- Opening Delimiter -

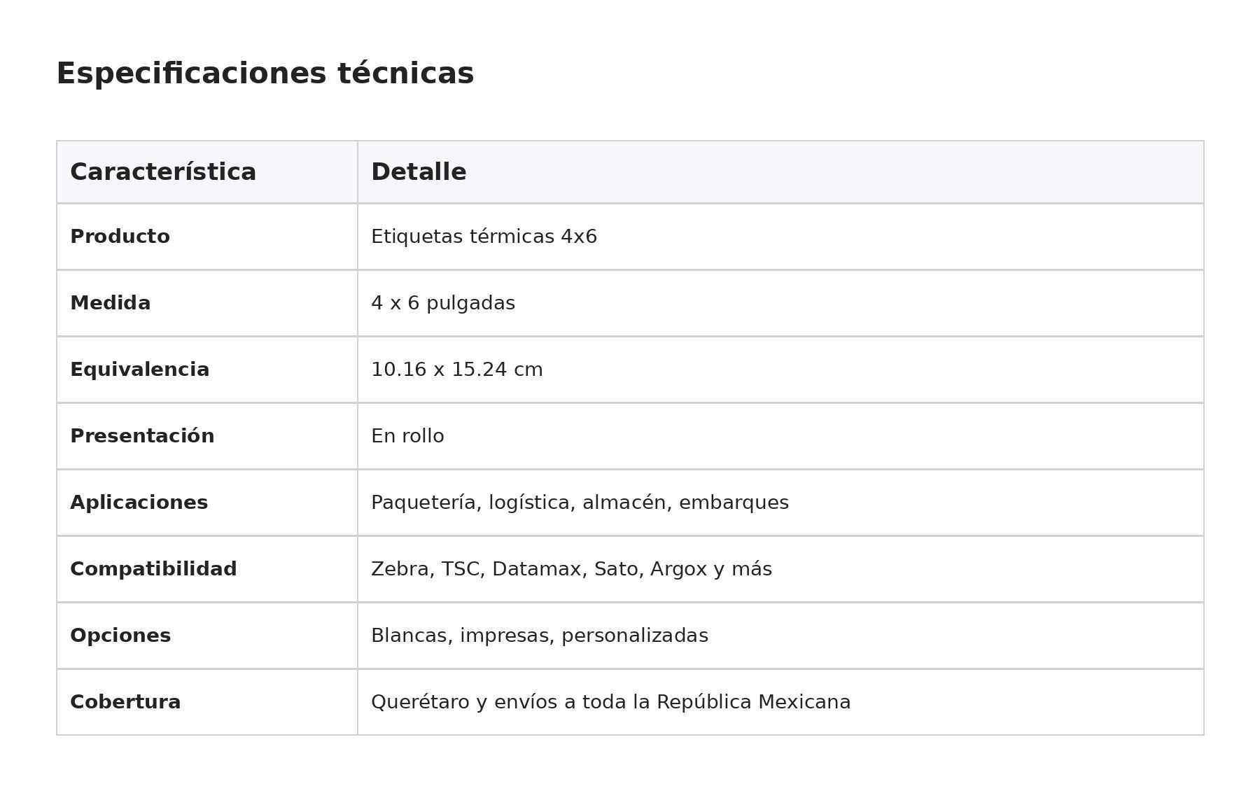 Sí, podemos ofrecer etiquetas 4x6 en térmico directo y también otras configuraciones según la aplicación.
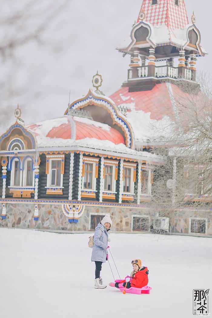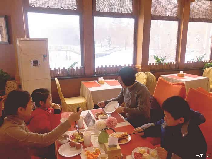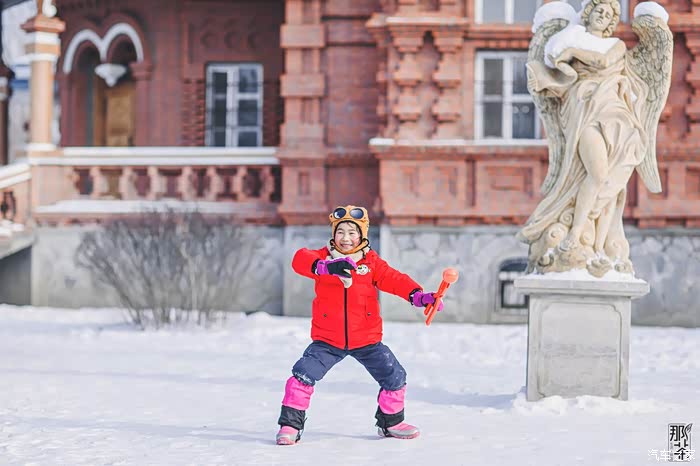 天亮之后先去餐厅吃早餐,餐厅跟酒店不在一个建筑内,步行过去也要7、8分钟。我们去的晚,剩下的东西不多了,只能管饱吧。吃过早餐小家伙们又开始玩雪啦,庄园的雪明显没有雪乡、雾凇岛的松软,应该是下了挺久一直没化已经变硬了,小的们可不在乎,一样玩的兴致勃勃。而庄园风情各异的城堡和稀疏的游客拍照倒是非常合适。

- Closing Delimiter -
- Opening Delimiter -

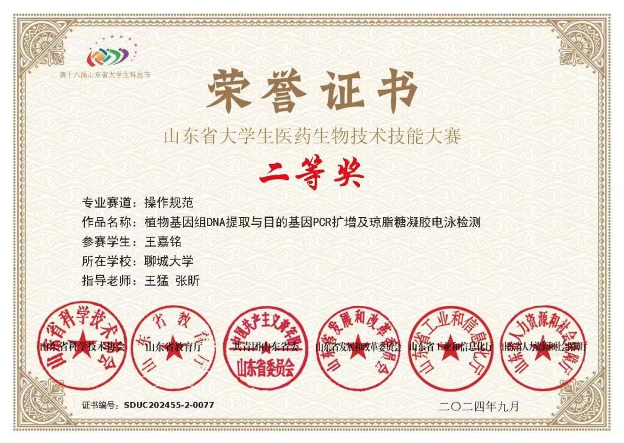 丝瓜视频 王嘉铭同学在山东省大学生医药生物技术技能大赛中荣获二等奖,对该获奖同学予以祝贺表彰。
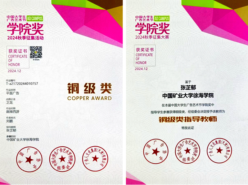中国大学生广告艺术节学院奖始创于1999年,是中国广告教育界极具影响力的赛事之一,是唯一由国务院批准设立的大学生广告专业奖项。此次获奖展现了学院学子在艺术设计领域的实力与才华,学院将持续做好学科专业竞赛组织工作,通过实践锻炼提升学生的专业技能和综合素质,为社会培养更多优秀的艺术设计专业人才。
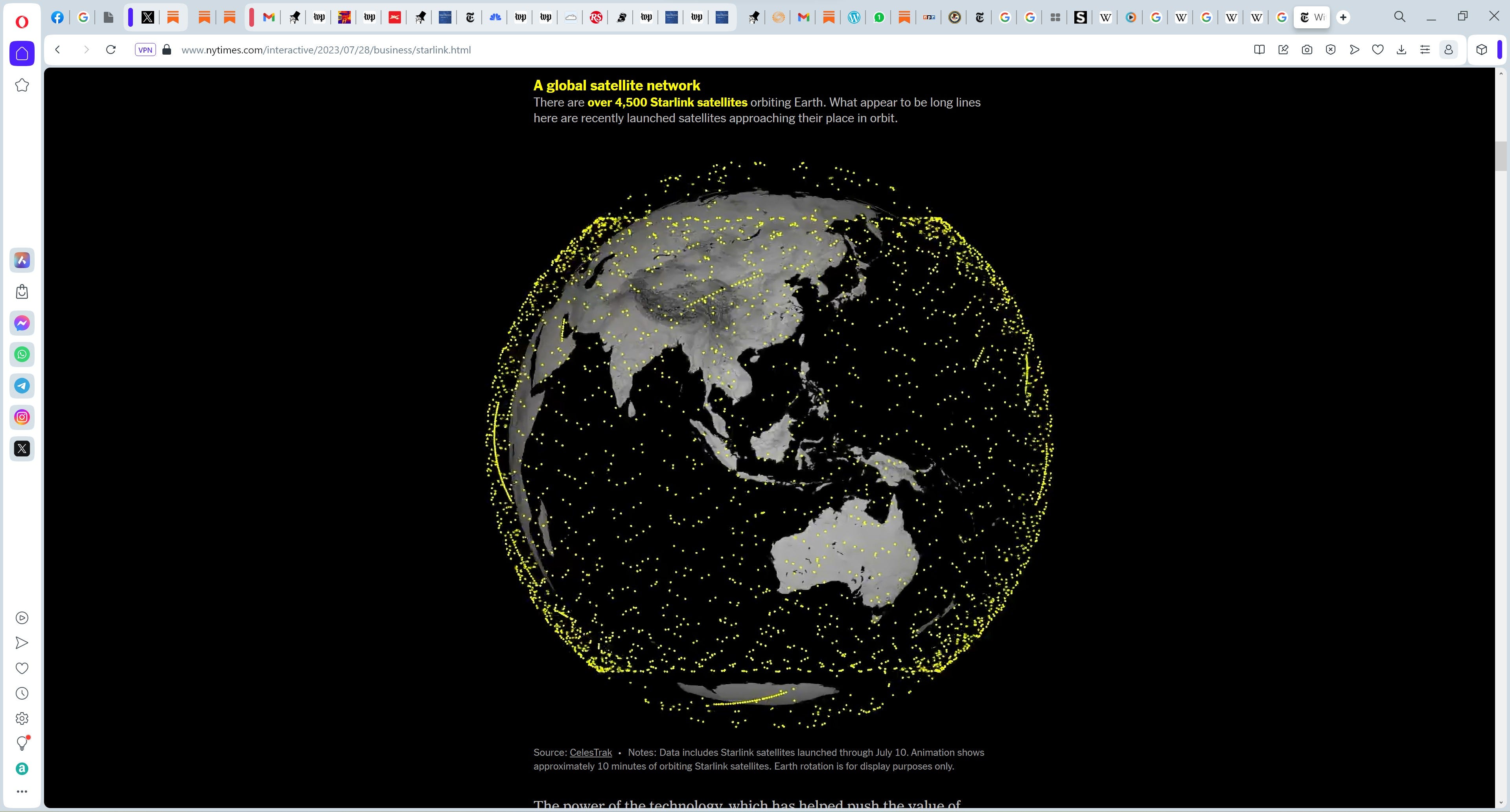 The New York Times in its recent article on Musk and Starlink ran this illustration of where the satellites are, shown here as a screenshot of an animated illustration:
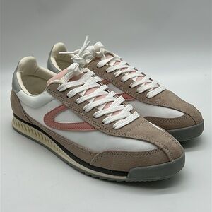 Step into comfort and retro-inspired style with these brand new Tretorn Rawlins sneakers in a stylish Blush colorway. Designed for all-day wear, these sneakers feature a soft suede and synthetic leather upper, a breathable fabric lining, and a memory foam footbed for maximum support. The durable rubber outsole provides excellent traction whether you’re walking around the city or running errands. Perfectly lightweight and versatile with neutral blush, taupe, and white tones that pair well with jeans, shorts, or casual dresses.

- Closing Delimiter -

Start with the line above containing "Sí, podemos ofrecer" and end with the line containing "天亮之后先去餐厅吃早餐,餐厅". Set down that stretch exactly, without any pictures.

=== Response area ===
 Sí, podemos ofrecer etiquetas 4x6 en térmico directo y también otras configuraciones según la aplicación.
 天亮之后先去餐厅吃早餐,餐厅跟酒店不在一个建筑内,步行过去也要7、8分钟。我们去的晚,剩下的东西不多了,只能管饱吧。吃过早餐小家伙们又开始玩雪啦,庄园的雪明显没有雪乡、雾凇岛的松软,应该是下了挺久一直没化已经变硬了,小的们可不在乎,一样玩的兴致勃勃。而庄园风情各异的城堡和稀疏的游客拍照倒是非常合适。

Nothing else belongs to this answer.